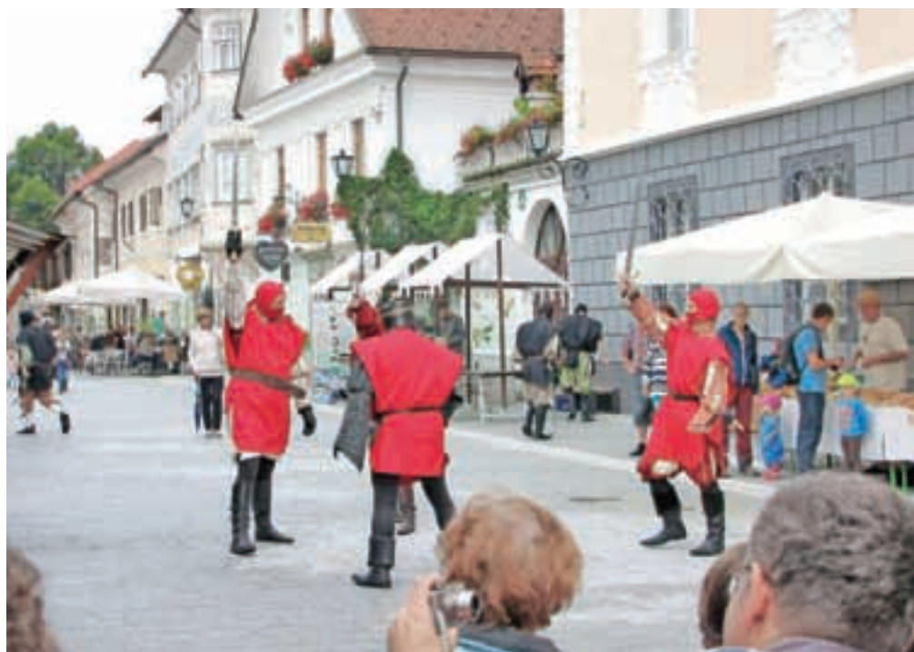
Mečevanje je najbolj navdušilo najmlajše obiskovalce.

ski, njegovo popotovanje pa je opisano v avtobiografski pesnitvi Ženska služba. Ulrik je bil med potovanjem namreč preoblečen v boginjo ljubezni Venero. Slavni vitez je nekaj časa preživel tudi na gradu Kamen pri Begunjah. Njemu v čast je zato KD Igralska skupina Gašperja Lambergarja uprizorilo nekaj srednjeveških iger (Meč za prestolonaslednika, Ženinove težave), pokazat pa so se prišli tudi iz KUD Radovljica – Linhartov oder, ki so skupaj s kvintetom Tivoli odigrali odgovor na vprašanje Kje pa je ta Venerina pot? in igro Grešnik z razlogom, ter KD Kropa – dramska skupina Čofta, ki je zabavala z igro Pej no hodiče past. Obiskovalce – tako tuje kot domače – je oklestilo slabo vreme, a samo do prvih rahlih sončnih žarkov, potem se je na Linhartovem trgu že trlo zgodovinskih navdušencev, ki so se hoteli ozaljšati s kakšno princeskino krono ali pa se opremiti s kakšnim urnim konjičem.
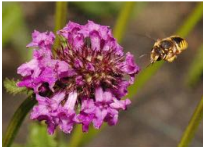
Stachys officinalis
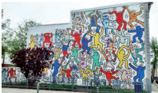
We are the Youth (Philadelphie), Keith Haring / Par Rgs25 (Travail personnel) [CC BY-SA 3.0( http://creativecommons.org/licenses/by-sa/3.0/ )], via Wikimedia Commons

Utilise tes crayons de couleur et un feutre noir pour les contours pour réaliser un dessin à la manière de Haring. Tu peux demander une feuille au médiateur.
---
TASK BRIEF: Every line above should be transcribed exactly, though no image should be carried over.

ANSWER SECTION:
Mečevanje je najbolj navdušilo najmlajše obiskovalce.

ski, njegovo popotovanje pa je opisano v avtobiografski pesnitvi Ženska služba. Ulrik je bil med potovanjem namreč preoblečen v boginjo ljubezni Venero. Slavni vitez je nekaj časa preživel tudi na gradu Kamen pri Begunjah. Njemu v čast je zato KD Igralska skupina Gašperja Lambergarja uprizorilo nekaj srednjeveških iger (Meč za prestolonaslednika, Ženinove težave), pokazat pa so se prišli tudi iz KUD Radovljica – Linhartov oder, ki so skupaj s kvintetom Tivoli odigrali odgovor na vprašanje Kje pa je ta Venerina pot? in igro Grešnik z razlogom, ter KD Kropa – dramska skupina Čofta, ki je zabavala z igro Pej no hodiče past. Obiskovalce – tako tuje kot domače – je oklestilo slabo vreme, a samo do prvih rahlih sončnih žarkov, potem se je na Linhartovem trgu že trlo zgodovinskih navdušencev, ki so se hoteli ozaljšati s kakšno princeskino krono ali pa se opremiti s kakšnim urnim konjičem.
Stachys officinalis
We are the Youth (Philadelphie), Keith Haring / Par Rgs25 (Travail personnel) [CC BY-SA 3.0( http://creativecommons.org/licenses/by-sa/3.0/ )], via Wikimedia Commons

Utilise tes crayons de couleur et un feutre noir pour les contours pour réaliser un dessin à la manière de Haring. Tu peux demander une feuille au médiateur.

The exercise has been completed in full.